What to do >> Set down exactly the lines below, starting at the one that contains "Elegant Off the" and ending at the one that contains "Users can add", with both of those lines included and nothing else.

== Data provided ==

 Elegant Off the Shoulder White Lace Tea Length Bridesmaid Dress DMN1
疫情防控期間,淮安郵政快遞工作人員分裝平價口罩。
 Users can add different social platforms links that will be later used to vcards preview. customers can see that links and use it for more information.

===
== Data provided ==

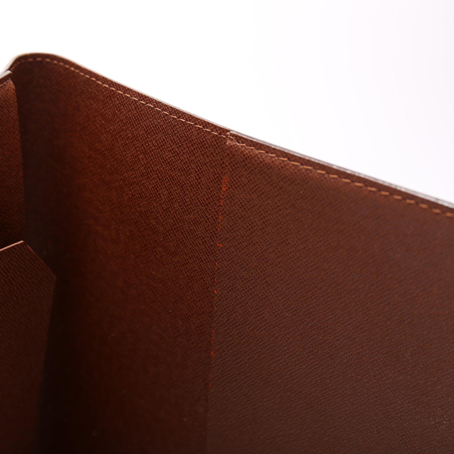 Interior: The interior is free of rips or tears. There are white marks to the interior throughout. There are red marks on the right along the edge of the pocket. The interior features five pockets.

===
== Data provided ==

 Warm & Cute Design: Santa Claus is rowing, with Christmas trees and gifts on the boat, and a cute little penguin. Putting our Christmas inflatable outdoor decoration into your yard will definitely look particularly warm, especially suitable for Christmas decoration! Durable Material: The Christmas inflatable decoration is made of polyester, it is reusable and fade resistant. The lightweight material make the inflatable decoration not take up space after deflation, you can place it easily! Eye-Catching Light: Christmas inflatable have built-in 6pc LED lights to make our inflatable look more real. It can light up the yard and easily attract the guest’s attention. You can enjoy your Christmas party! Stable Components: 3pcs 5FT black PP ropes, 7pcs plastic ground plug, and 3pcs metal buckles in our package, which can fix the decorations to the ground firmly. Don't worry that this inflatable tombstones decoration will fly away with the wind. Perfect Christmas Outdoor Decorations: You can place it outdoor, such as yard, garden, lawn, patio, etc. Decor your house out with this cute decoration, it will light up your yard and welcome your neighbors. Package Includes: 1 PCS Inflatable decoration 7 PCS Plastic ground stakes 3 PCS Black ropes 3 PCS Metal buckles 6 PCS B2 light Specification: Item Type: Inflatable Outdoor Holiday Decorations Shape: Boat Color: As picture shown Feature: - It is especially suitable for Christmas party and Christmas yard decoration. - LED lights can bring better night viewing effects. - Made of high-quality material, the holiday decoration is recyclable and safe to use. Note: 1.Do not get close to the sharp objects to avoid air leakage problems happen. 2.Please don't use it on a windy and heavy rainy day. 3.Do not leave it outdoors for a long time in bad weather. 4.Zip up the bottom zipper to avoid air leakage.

===

Answer >>
 Elegant Off the Shoulder White Lace Tea Length Bridesmaid Dress DMN1
疫情防控期間,淮安郵政快遞工作人員分裝平價口罩。
 Users can add different social platforms links that will be later used to vcards preview. customers can see that links and use it for more information.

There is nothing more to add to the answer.